Referring now to FIG. 3, an exemplary process flow 300 for generating thermostable variants of the protein is illustrated, in accordance with an embodiment of the present disclosure. It will be understood that each block of the flow diagram of the method 500 may be implemented by various means, such as hardware, firmware, processors, circuitry, and/or other communication devices associated with executing software, including one or more computer program instructions. For example, the procedures described in this method may be embodied by computer program instructions. In this regard, the computer program instructions that embody the procedures described above may be stored in a memory of a computing device, employing an embodiment of the present disclosure, and executed by a processor.

These computer program instructions may be stored in a computer-readable memory, which may direct a computer or other programmable apparatus to function in a specified manner. By doing so, the instructions stored in the computer-readable memory produce an article of manufacture, the execution of which implements the function specified in the flowchart blocks. The instructions may also be loaded onto a computer or programmable apparatus to initiate a series of operations on the device, resulting in a computer-implemented process in which the instructions executing on the apparatus provide operations that implement the functions specified in the flow diagram blocks.
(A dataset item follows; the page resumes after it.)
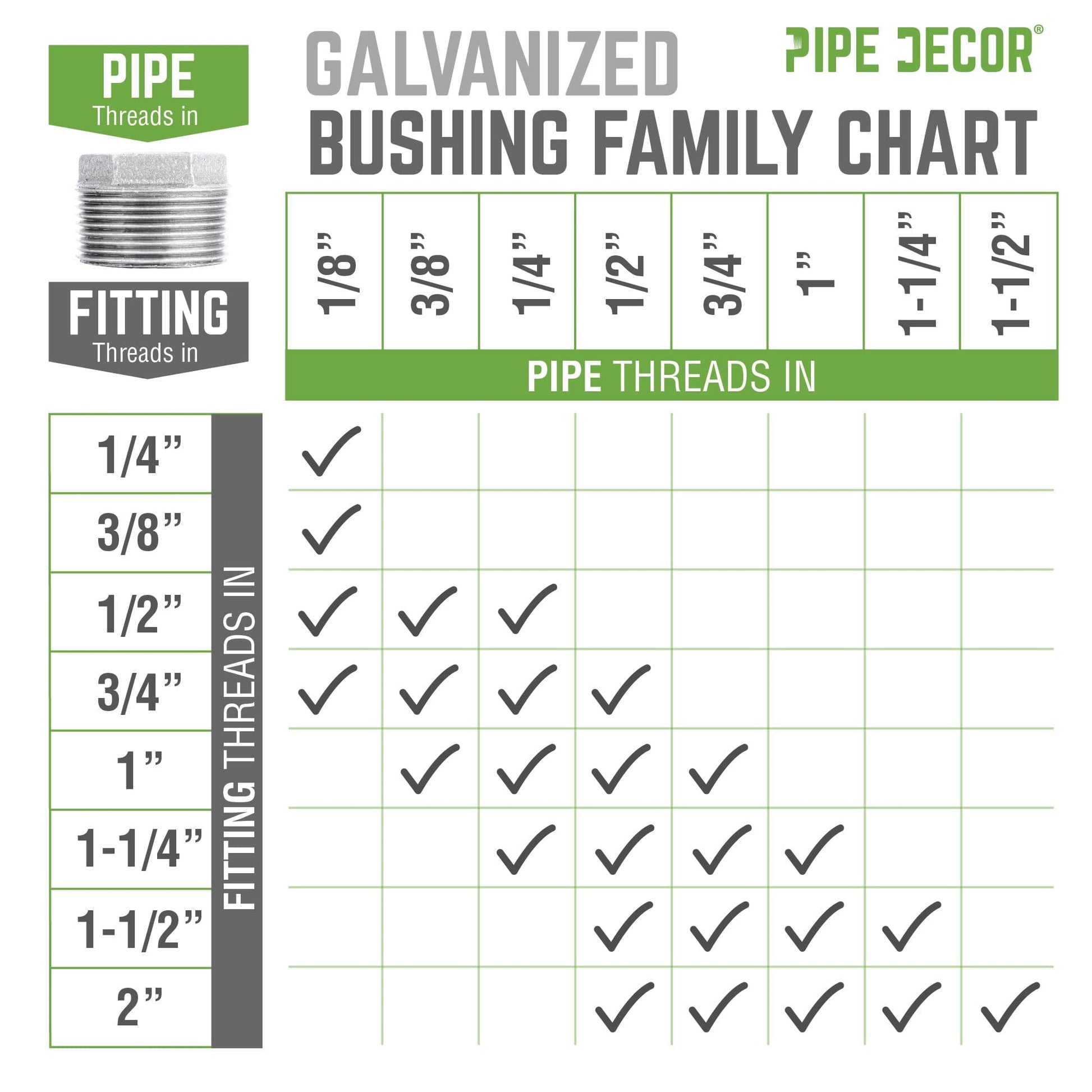 Make your standard fittings more versatile with our galvanized bushings. A bushing can be used in any project that involves connecting a larger fitting with a smaller pipe. Make the most of your DIY creations. Galvanized fittings are silver in color with a shiny finish that brings a clean, polished look to your pipe furniture. Our fittings are made with durable, industrial-grade malleable iron. Fittings are 100% authentic and are made to stand the test of time. You will know PIPE DECOR parts and accessories when you hold them. Beauty and beast. Strength and style. These are real industrial fittings for your decorations and designs. Accept no substitutes. Extra pieces and accessories are available for your custom projects and expansions. Plug and play as desired.

Accordingly, the blocks of the flow diagram support combinations of means for performing the specified functions and combinations of operations for performing these functions. It will also be understood that one or more blocks of the flow diagram, and combinations of blocks within it, may be implemented by special-purpose hardware-based computer systems or a combination of special-purpose hardware and computer instructions. FIG. 3 is explained in conjunction with elements of FIG. 1 and FIG. 2. The method 300 may be implemented by various modules of the computing device 102.

In order to generate thermostable variants of the protein, at step 302, the process flow 300 begins by receiving a three-dimensional (3D) structure of a target protein. This structure may be derived from experimental sources (e.g., crystallography or NMR) or computational predictions. In many instances, the raw structure may have missing atoms or irregularities, particularly in flexible loop regions. To ensure structural consistency, a preprocessing step is carried out using structure correction tools such as PDBFixer, which identifies and fills missing atoms or residues. This ensures that the subsequent analysis and mutation modeling are performed on a clean, chemically valid structure that accurately represents the protein's native conformation.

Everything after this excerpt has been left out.